**** Records to process ****

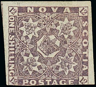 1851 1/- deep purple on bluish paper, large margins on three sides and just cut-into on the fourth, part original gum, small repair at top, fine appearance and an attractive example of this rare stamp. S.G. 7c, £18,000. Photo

****
**** Records to process ****

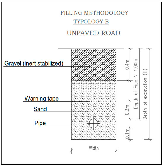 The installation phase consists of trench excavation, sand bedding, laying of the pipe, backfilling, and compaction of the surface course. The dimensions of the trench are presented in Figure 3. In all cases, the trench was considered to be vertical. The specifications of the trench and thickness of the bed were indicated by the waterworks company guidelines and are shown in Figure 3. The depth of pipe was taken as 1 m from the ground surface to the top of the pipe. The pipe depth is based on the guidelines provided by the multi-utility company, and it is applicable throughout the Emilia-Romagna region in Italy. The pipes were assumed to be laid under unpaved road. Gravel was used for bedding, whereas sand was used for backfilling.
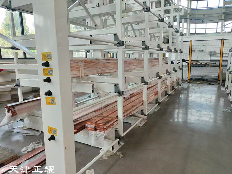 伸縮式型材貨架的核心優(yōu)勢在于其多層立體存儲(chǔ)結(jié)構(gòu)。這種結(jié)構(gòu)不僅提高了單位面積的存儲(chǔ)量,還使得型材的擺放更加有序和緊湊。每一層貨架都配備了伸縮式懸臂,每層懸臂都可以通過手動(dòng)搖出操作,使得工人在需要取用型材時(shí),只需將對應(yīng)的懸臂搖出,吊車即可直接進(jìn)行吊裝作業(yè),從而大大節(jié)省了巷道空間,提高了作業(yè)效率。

****

● **Action item**
Take the entries above and copy exactly the lines starting at the one with "The installation phase" and ending at the one with "伸縮式型材貨架的核心優(yō"; nothing outside that span, and no pictures.

● **Written solution**
 The installation phase consists of trench excavation, sand bedding, laying of the pipe, backfilling, and compaction of the surface course. The dimensions of the trench are presented in Figure 3. In all cases, the trench was considered to be vertical. The specifications of the trench and thickness of the bed were indicated by the waterworks company guidelines and are shown in Figure 3. The depth of pipe was taken as 1 m from the ground surface to the top of the pipe. The pipe depth is based on the guidelines provided by the multi-utility company, and it is applicable throughout the Emilia-Romagna region in Italy. The pipes were assumed to be laid under unpaved road. Gravel was used for bedding, whereas sand was used for backfilling.
 伸縮式型材貨架的核心優(yōu)勢在于其多層立體存儲(chǔ)結(jié)構(gòu)。這種結(jié)構(gòu)不僅提高了單位面積的存儲(chǔ)量,還使得型材的擺放更加有序和緊湊。每一層貨架都配備了伸縮式懸臂,每層懸臂都可以通過手動(dòng)搖出操作,使得工人在需要取用型材時(shí),只需將對應(yīng)的懸臂搖出,吊車即可直接進(jìn)行吊裝作業(yè),從而大大節(jié)省了巷道空間,提高了作業(yè)效率。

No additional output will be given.